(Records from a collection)
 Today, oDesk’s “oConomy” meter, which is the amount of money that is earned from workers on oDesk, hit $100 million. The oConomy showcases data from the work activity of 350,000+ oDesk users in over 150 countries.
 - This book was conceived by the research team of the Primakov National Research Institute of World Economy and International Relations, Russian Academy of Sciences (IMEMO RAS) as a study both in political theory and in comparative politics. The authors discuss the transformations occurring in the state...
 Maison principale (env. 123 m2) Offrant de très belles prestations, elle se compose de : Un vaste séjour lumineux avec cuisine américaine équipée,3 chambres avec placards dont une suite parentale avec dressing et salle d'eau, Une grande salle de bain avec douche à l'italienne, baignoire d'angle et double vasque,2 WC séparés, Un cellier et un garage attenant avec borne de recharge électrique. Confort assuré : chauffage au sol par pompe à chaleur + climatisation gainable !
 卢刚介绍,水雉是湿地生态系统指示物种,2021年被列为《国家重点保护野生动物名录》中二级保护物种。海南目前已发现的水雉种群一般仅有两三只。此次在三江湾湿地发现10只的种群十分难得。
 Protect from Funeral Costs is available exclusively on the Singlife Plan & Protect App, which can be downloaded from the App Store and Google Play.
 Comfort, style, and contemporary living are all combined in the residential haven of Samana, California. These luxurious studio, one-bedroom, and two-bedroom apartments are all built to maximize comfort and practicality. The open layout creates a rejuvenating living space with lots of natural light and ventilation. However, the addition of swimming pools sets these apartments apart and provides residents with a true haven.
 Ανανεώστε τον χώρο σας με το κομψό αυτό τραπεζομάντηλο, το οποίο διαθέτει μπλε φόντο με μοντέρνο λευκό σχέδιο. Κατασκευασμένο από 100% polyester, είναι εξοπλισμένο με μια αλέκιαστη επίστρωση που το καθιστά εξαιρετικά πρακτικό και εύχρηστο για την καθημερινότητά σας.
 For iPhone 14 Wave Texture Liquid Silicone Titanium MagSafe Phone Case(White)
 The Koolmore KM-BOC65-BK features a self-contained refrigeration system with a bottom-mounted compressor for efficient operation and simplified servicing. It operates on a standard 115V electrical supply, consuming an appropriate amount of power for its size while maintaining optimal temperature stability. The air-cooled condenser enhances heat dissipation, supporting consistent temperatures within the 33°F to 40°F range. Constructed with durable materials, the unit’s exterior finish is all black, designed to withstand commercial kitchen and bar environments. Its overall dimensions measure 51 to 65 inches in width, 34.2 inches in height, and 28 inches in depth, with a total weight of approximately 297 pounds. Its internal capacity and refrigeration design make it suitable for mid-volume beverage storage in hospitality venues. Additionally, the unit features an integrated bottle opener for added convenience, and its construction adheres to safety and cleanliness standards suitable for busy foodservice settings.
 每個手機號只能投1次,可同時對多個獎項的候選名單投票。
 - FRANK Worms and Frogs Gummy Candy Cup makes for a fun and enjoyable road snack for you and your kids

#### What the task asks
Return the lines of the records that include the string "which".

#### Result
 Today, oDesk’s “oConomy” meter, which is the amount of money that is earned from workers on oDesk, hit $100 million. The oConomy showcases data from the work activity of 350,000+ oDesk users in over 150 countries.
 Protect from Funeral Costs is available exclusively on the Singlife Plan & Protect App, which can be downloaded from the App Store and Google Play.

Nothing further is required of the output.